Debby and Daniela are friends though living completely different lives on
either side of the Atlantic , while our beloved
Maurício lost his life in drug-related suicide when only in early twenties,
leaving a fatherless child. My oldest Colombini nephew and niece also took
different roads in life: Derlinho is hardworking ,
success-driven, centered father of equally successful sons, while my beauty-driven
architect, niece Adriana faces continual losses (or screw-ups) in life, as do
her son and daughter, and grandchild. Comparisons suck, but they always come up
when considering the life and times of cousins!

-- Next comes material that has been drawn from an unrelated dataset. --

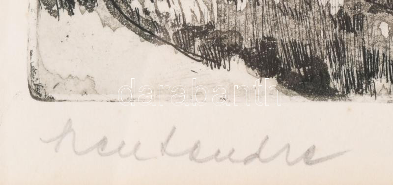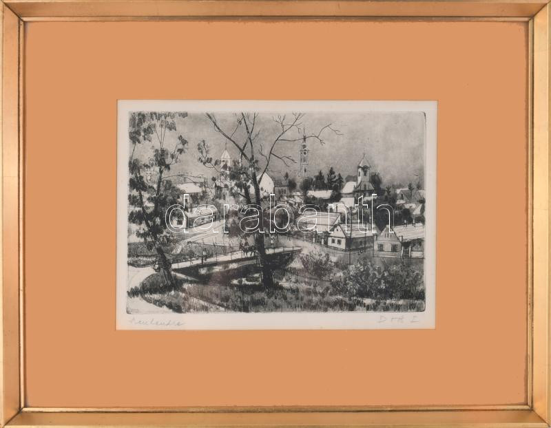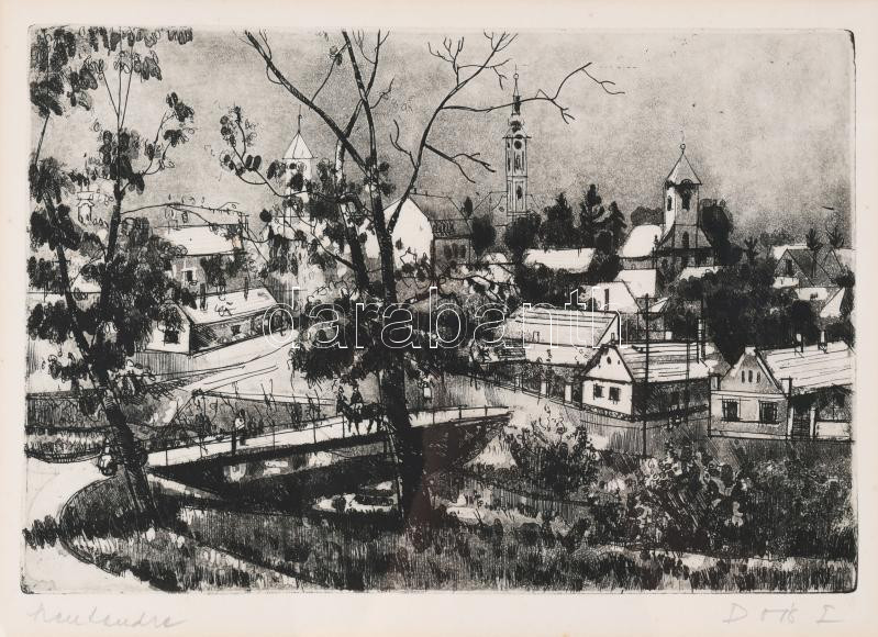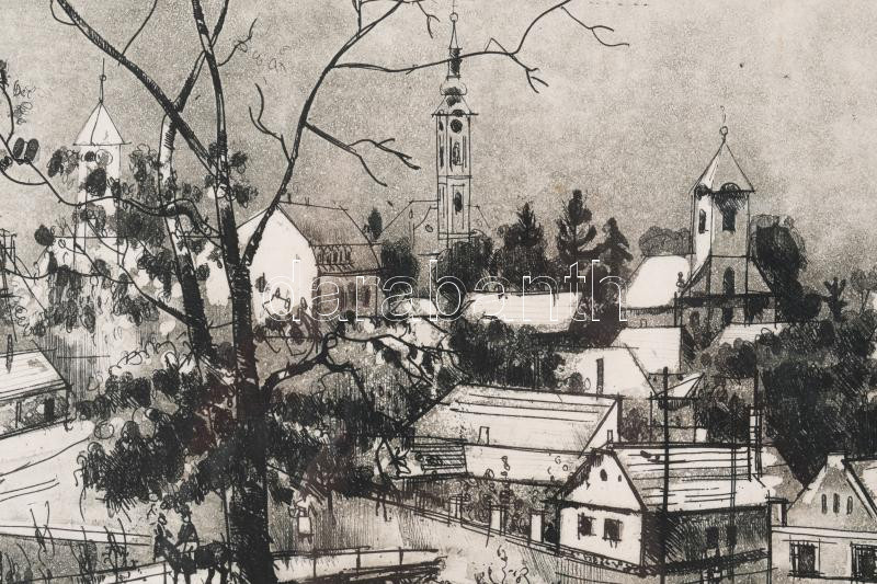 Leírás: Doór Ferenc (1918-2015): Szentendre. Rézkarc, papír, jelzett, üvegezett fakeretben, 19,5x29 cm

Patty Duke starred in of my favorite
TV shows when I was a kid, where “identical cousins” were look-alikes from
contrasting life situations. Looking
at the pictures of cousins in albums of the past, we remember good times and
regret the bad moments (or days, months and years) that accumulated pain in
their lives and ours. Most of the time, I didn’t
have a clue as to what was going on in my cousin’s lives, or the lives of
my children’s cousins. We heard and read and
intuited what was 80% gossip and maybe 10% reality – leave the remaining
10% for whatever other motives one might have. We loved our family, and had
hundreds of reasons to become closer to people like and unalike us, and we allowed
opportunities to flutter like feathers from a torn-up pillow on a windy day.
I take this moment to honor my cousins by blood ties and through heartstrings, in hopes that we may build bridges in our humanity, and connect the many existent or imaginary gulfs into one distinct, diverse, and divine family!
Elizabeth Gomes
Beth, as you know I can really relate to all this. I envy those who have family (extended family) nearby. When I divorced and came back to the US, I "lost" the family that had been my family for almost 30 years, and many who had known me since I was a child.
ReplyDeleteI have recently gotten into genealogy, and enjoy finding relatives I never even knew existed. One interesting fact is that I used to feel so "different' from my cousins, and thought they thought I was really "out of it." As we have become adults, and have reconnected ---if mostly through Facebook---I have learned that they thought we were to "cool" ones because we spoke two languages and had traveled and knew so many things they didn't know.
Querida Beth, me sinto honrada de ter uma prima como você e pela oportunidade de ter vivido com vocês e aprendido de vocês grandes lições... daria até um livro todas as histórias!